_Problem statement_
Copy the closing run of lines, from the one with "虽然文殊菩萨并非佛,但他在佛" through the last line of the listing, exactly and without any pictures.

_Provided material_
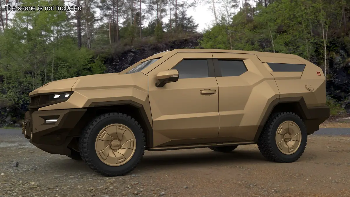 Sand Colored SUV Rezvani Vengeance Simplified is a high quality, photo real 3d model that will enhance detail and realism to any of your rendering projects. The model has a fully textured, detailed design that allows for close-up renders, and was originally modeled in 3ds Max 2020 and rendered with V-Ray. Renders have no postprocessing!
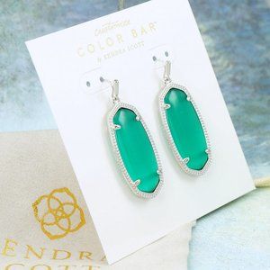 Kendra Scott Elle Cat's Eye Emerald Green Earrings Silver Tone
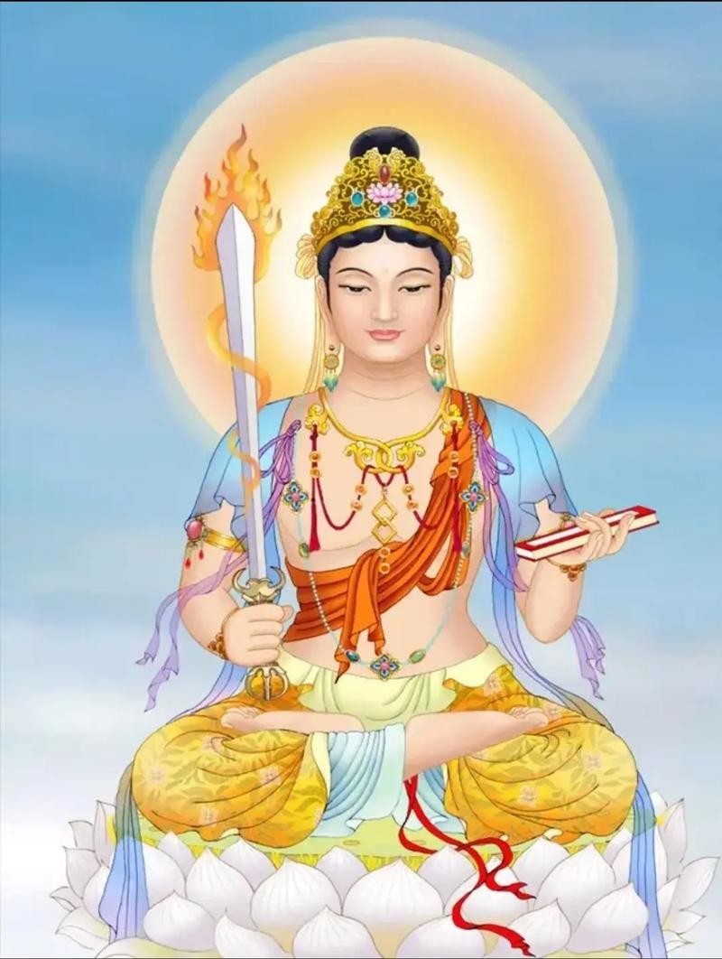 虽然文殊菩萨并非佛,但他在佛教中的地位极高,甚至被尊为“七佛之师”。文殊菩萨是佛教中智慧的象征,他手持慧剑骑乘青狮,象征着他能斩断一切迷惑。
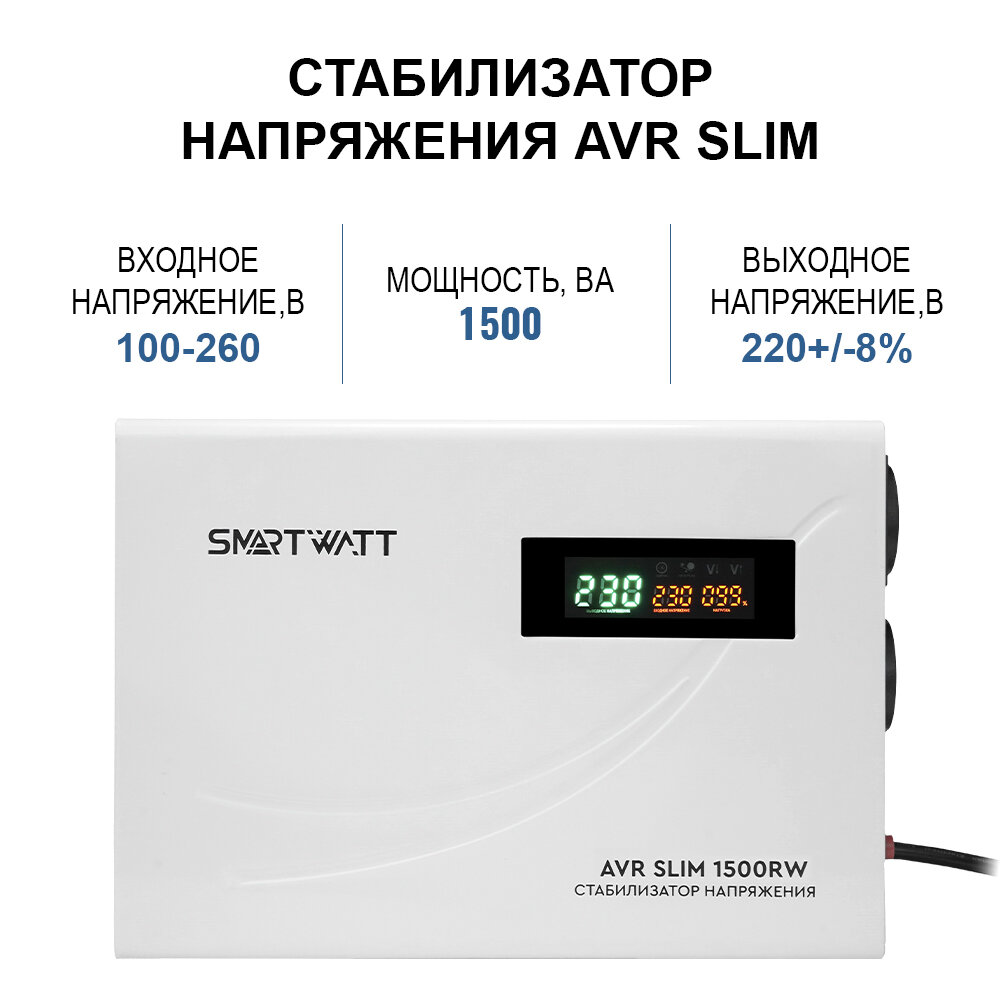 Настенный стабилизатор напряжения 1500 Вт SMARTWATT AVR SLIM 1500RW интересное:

_Task solution_
 虽然文殊菩萨并非佛,但他在佛教中的地位极高,甚至被尊为“七佛之师”。文殊菩萨是佛教中智慧的象征,他手持慧剑骑乘青狮,象征着他能斩断一切迷惑。
 Настенный стабилизатор напряжения 1500 Вт SMARTWATT AVR SLIM 1500RW интересное:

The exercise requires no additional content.